Inchworm quasi Monte Carlo for quantum impurities

TL;DR

This paper introduces a quasi Monte Carlo approach using Sobol sequences to improve the efficiency of inchworm Monte Carlo methods for quantum impurity models, enabling better handling of complex multi-orbital systems.

Contribution

It demonstrates the application of quasi Monte Carlo techniques to inchworm Monte Carlo, achieving enhanced convergence and extending applicability to more complex impurity models.

Findings

Achieved $1/N$ convergence with quasi Monte Carlo.

Extended inchworm method to multi-orbital Anderson impurity models.
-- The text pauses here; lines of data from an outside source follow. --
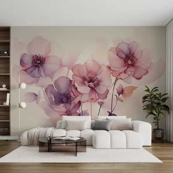 Fotomurales Flores translúcidas de acuarela húmeda, color rosa púrpura Nr. w01776
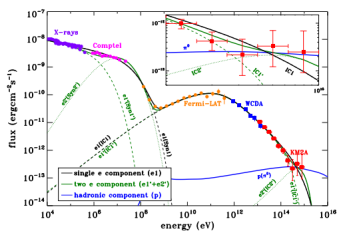 图1:蟹状星云辐射的伽马射线能谱,WCDA和KM2A均为LHAASO的核心探测器。
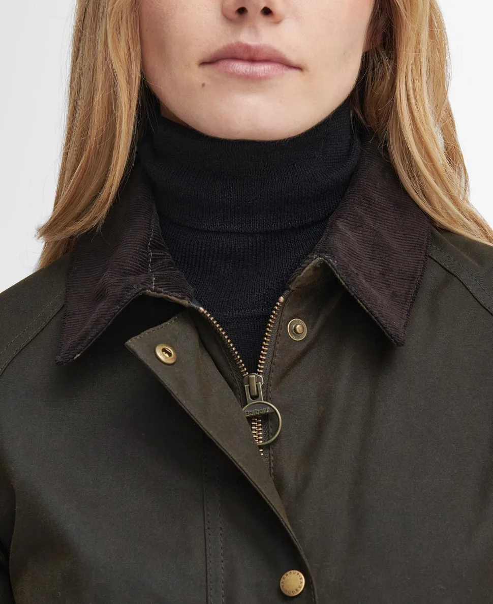 Rento ja mukava takki, jossa on vahattu puuvillapäällinen ja Barbourin ikoninen ruudullinen vuori. Tyypillisiin yksityiskohtiin kuuluvat sametti kaulus, jossa on kaulaläppä, kädenlämmittelytaskut ja alhaalla olevat paikkataskut, joita koristavat sävyyn sopiva Barbour-kirjonta.
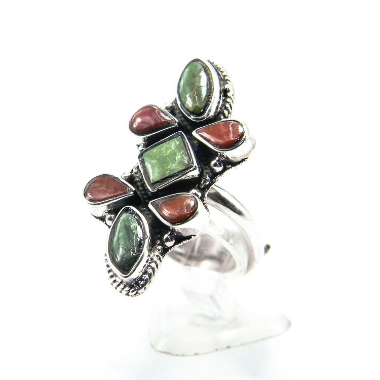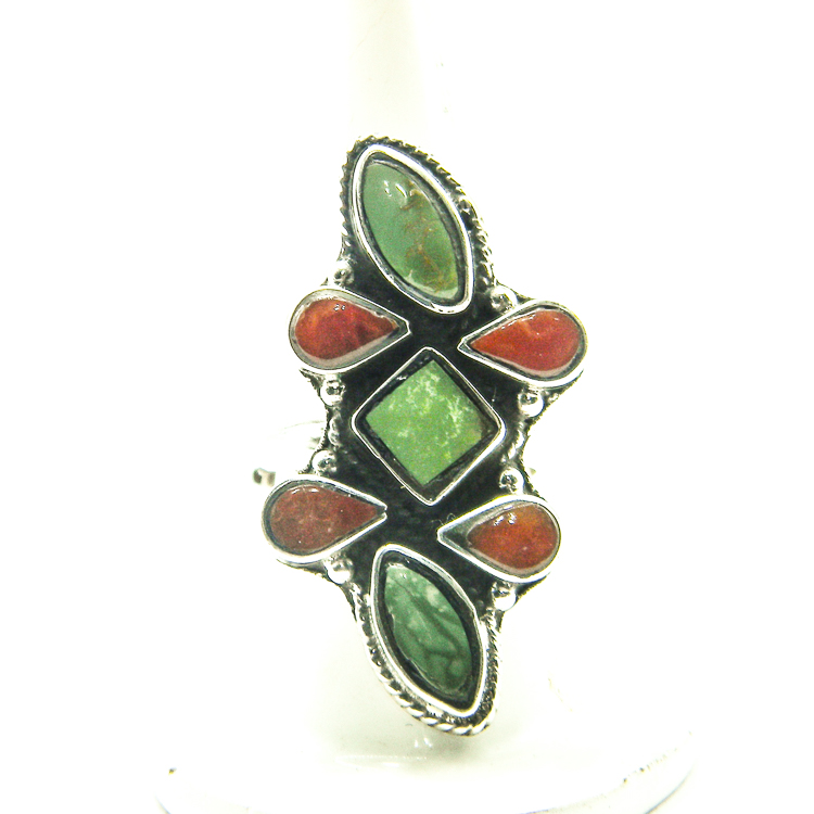 Inel unicat vintage din argint cu turcoaz verde si coral – stil bizantin – i240Y116G
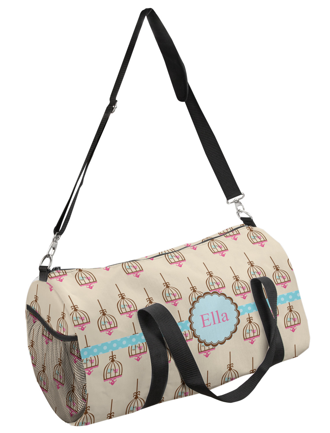 This duffle is a sturdy bag made of a canvas material. It comes in two sizes: Small (19"W x 9.5"H x 9.5"D) and Large (23"W x 12"H x 12"D). The bag is a cylindrical shape with a black adjustable strap and two handles. On one side is an elastic pouch to put a waterbottle or other small item. Your product will be sublimated with your design and is able to be designed on the front, back, and sides. Be sure to remember that the straps may cut into parts of your design if you upload your own artwork.
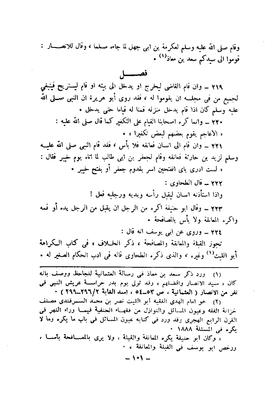 223 - وقال أبو حنيفة أكره من الرجل أن يقبل من الرجل يده أو فمه وأكره المعانقة ولا بأس بالمصافحة.
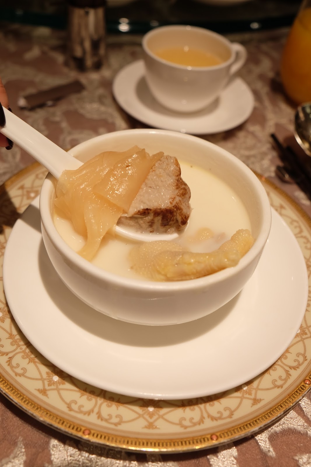 色澤奶白,一揭開盅蓋,陣陣杏香隨之而來,呷一口醇厚芳香,鮮甜潤滑,豬肺汆水足,沒過份的羶味,花膠燉至軟稔,膠質都跑進湯裡,真是用時間換來的美味。

Reduced computational cost for complex quantum impurity simulations.

Abstract

The inchworm expansion is a promising approach to solving strongly correlated quantum impurity models due to its reduction of the sign problem in real and imaginary time. However, inchworm Monte Carlo is computationally expensive, converging as $1/\sqrt{N}$ where $N$ is the number of samples. We show that the imaginary time integration is amenable to quasi Monte Carlo, with enhanced $1/N$ convergence, by mapping the Sobol low-discrepancy sequence from the hypercube to the simplex with the so-called Root transform. This extends the applicability of the inchworm method to, e.g., multi-orbital Anderson impurity models with off-diagonal hybridization, relevant for materials simulation, where continuous time hybridization expansion Monte Carlo has a severe sign problem.